Can a Child Decide Which Parent to Live With?

Divorce proceedings involving children necessitate a delicate balance, ensuring the child’s well-being while honouring the Family Law Act’s intent. The act emphasises a child’s right to maintain a meaningful relationship with both parents. However, the definition of ‘meaningful’ can vary based on individual family circumstances.

While separated parents might sometimes concur on parenting arrangements, they must always prioritise the child’s best interests. For instance, frequent changes in residence can unsettle children, necessitating longer duration stays as a solution.

One recurring query among parents is the age at which children can express their preferences about their living arrangements. 

The courts, however, don’t set a fixed age. Instead, they consider multiple factors:

  • The child’s maturity level.
  • The child’s grasp of the situation and the decision’s implications.
  • Whether the child’s opinion is influenced by a parent.

Often, trained family consultants or psychologists assess these aspects after extensive interactions with the child.

Courts are generally reluctant to let children bear the weight of such decisions. Their choices can be clouded by the apprehension of upsetting a parent. Consequently, a child’s desires become one among several considerations in determining living arrangements.

However, as children age, their preferences carry more weight. For older children adamant about not seeing a particular parent, enforcing visits becomes a challenge.

For those parents navigating these complexities, consider your child’s wishes, especially as they grow older. But always remember that multiple factors shape the best arrangement for their welfare.

For those in harmonious co-parenting scenarios, consulting a child psychologist or family report writer can offer invaluable insights. A child-inclusive mediation, assisted by a family report writer, can help discern the best way forward.

After mutual agreement on a child’s living arrangement, we recommend sealing the decision with Consent Orders filed at the Family Court, providing clarity and assurance for the future.
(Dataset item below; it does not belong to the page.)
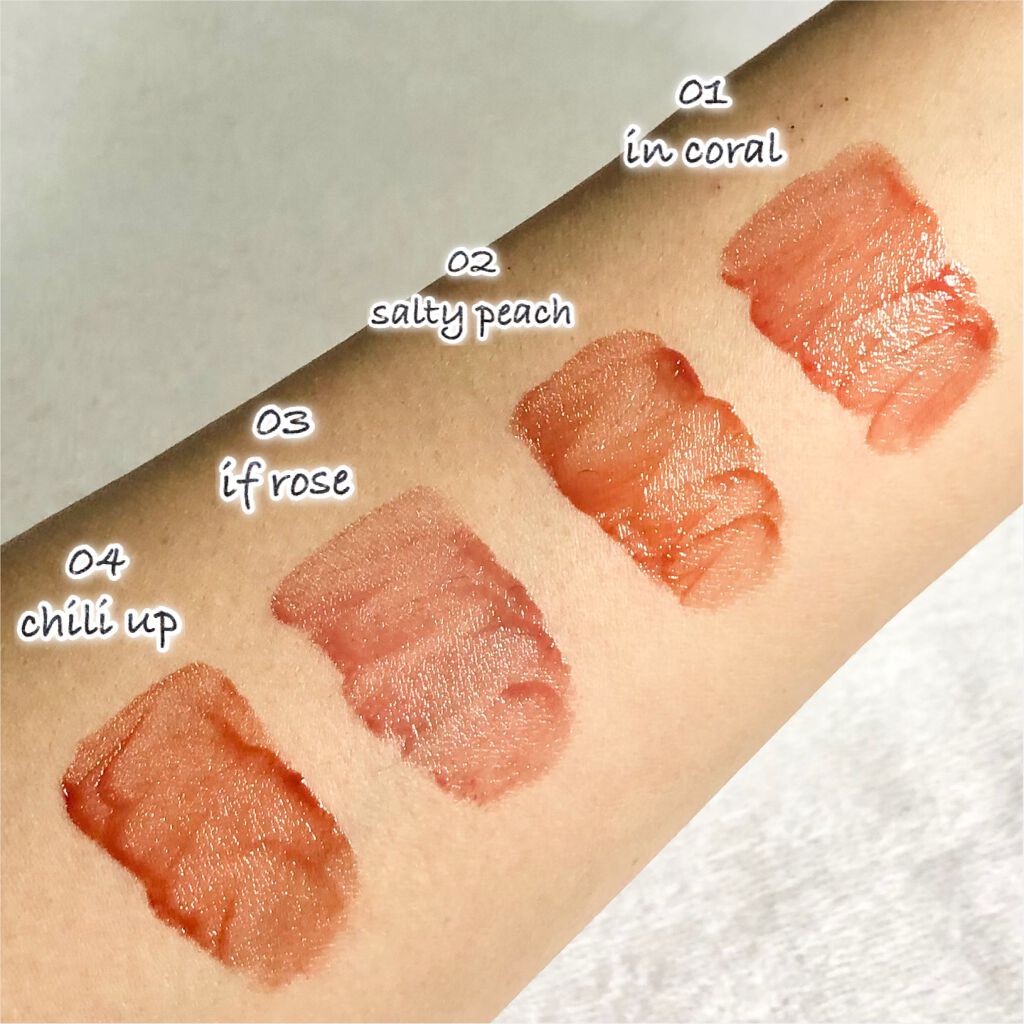 - <01 インコーラル> 水、ビスジグリセリルポリアシルアジペート-2、グリセリン、ジフェニルジメチコン、ジフェニルシロキシフェニルトリメチコン、ポリグリセリン-3、リンゴ酸ジイソステアリル、水添ポリイソブテン、ポリブテン、トリメチルシロキシフェニルジメチコン、変性アルコール、ポリソルベート60、イソノナン酸イソノニル、ペンチレングリコール、(アクリル酸ヒドロキシエチル/アクリロイルジメチルタウリンNa)コポ リマー、ラベンダーエキス、ハナハッカ花/葉/茎エキス、ローズマリーエキス、タイムエキス、ステアリン酸グリセリル、ステアリン酸PEG-100、スクワラン、ラウリルPEG-10トリス(トリメチルシロキシ)シリルエチルジメチコン、エチルヘキシルグリセリン、デキストリン、ステビオシド、イソステアリン酸ソルビタン、エチレンジアミンジコハク酸3Na、水酸化Al、ポリアクリル酸アンモニウム、BG、トコフェロール、フェノキシエタノール、香料、リモネン、酸化チタン、黄5、赤227、黄4、青1 <03 イフローズ> 水、ビスジグリセリルポリアシルアジペート-2、グリセリン、ジフェニルジメチコン、ジフェニルシロキシフェニルトリメチコン、ポリグリセリン-3、リンゴ酸ジイソステアリル、水添ポリイソブテン、ポリブテン、トリメチルシロキシフェニルジメチコン、変性アルコール、ポリソルベート60、イソノナン酸イソノニル、ペンチレングリコール、(アクリル酸ヒドロキシエチル/アクリロイルジメチルタウリンNa)コポリマー、ラベンダーエキス、ハナハッカ花/葉/茎エキス、ローズマリーエキス、タイムエキス、ステアリン酸グリセリル、ステアリン酸PEG-100、スクワラン、ラウリルPEG-10トリス(トリメチルシロキシ)シリルエチルジメチコン、エチルヘキシルグリセリン、デキストリン、ステビオシド、トリイソステアリン酸ポリグリセリル-2、イソステアリン酸ソルビタン、エチレンジアミンジコハク酸3Na、水酸化Al、ポリアクリル酸アンモニウム、BG、トコフェロール、フェノキシエタノール、香料、リモネン、酸化チタン、黄5、赤227、青1、黄4、赤218 <04 チリアップ> 水、ビスジグリセリルポリアシルアジペート-2、グリセリン、ジフェニルジメチコン、ジフェニルシロキシフェニルトリメチコン、ポリグリセリン-3、リンゴ酸ジイソステアリル、水添ポリイソブテン、ポリブテン、トリメチルシロキシフェニルジメチコン、変性アルコール、ポリソルベート60、イソノナン酸イソノニル、ペンチレングリコール、(アクリル酸ヒドロキシエチル/アクリロイルジメチルタウリンNa)コポ リマー、ラベンダーエキス、ハナハッカ花/葉/茎エキス、ローズマリーエキス、タイムエキス、ステアリン酸グリセリル、ステアリン酸PEG-100、スクワラン、ラウリルPEG-10トリス(トリメチルシロキシ)シリルエチルジメチコン、エチルヘキシルグリセリン、デキストリン、ステビオシド、イソステアリン酸ソルビタン、エチレンジアミンジコハク酸3Na、トコフェロール、BG、フェノキシエタノール、料、リモネン、黄5、赤227、黄4、青1 <06 チュリアン> 水、ビスジグリセリルポリアシルアジペート-2、グリセリン、ジフェニルジメチコン、ジフェニルシロキシフェニルトリメチコン、ポリグリセリン-3、リンゴ酸ジイソステアリル、水添ポリイソブテン、ポリブテン、トリメチルシロキシフェニルジメチコン、変性アルコール、ポリソルベート60、イソノナン酸イソノニル、ペンチレングリコール、(アクリル酸ヒドロキシエチル/アクリロイルジメチルタウリンNa)コポリマー、ラベンダーエキス、ハナハッカ花/葉/茎エキス、ローズマリーエキス、タイムエキス、ステアリン酸グリセリル、ステアリン酸PEG-100、スクワラン、ラウリルPEG-10トリス(トリメチルシロキシ)シリルエチルジメチコン、エチルヘキシルグリセリン、デキストリン、ステビオシド、イソステアリン酸ソルビタン、エチレンジアミンジコハク酸3Na、水酸化Al、ポリアクリル酸アンモニウム、BG、トコフェロール、フェノキシエタノール、香料、リモネン、酸化チタン、黄5、赤227、酸化鉄、黄4、赤218、青1 <08 ベリーディヴァイン> 水、ビスジグリセリルポリアシルアジペート-2、グリセリン、ジフェニルジメチコン、ジフェニルシロキシフェニルトリメチコン、ポリグリセリン-3、リンゴ酸ジイソステアリル、水添ポリイソブテン、ポリブテン、トリメチルシロキシフェニルジメチコン、変性アルコール、ポリソルベート60、イソノナン酸イソノニル、ペンチレングリコール、(アクリル酸ヒドロキシエチル/アクリロイルジメチルタウリンNa)コポリマー、ラベンダーエキス、ハナハッカ花/葉/茎エキス、ローズマリーエキス、タイムエキス、ステアリン酸グリセリル、ステアリン酸PEG-100、スクワラン、ラウリルPEG-10トリス(トリメチルシロキシ)シリルエチルジメチコン、エチルヘキシルグリセリン、イソステアリン酸ソルビタン、デキストリン、ステビオシド、エチレンジアミン

If you’re grappling with such decisions and need expert advice, seeking a child custody lawyer or booking a family law consultation free of charge might be your best next step.


  1. At what age can a child decide which parent to live with?

   The courts don’t set a specific age. Instead, they evaluate the child’s maturity, understanding of the situation, and potential parental influences.

  1. How are a child’s wishes assessed in court?

   Typically, a trained family consultant or psychologist evaluates the child after spending considerable time interacting with them.

  1. What’s the importance of Consent Orders after deciding on a child’s living arrangement?

   Consent Orders filed with the Family Court offer clarity and security, ensuring that the agreed-upon arrangements are binding and provide consistency for the child’s future.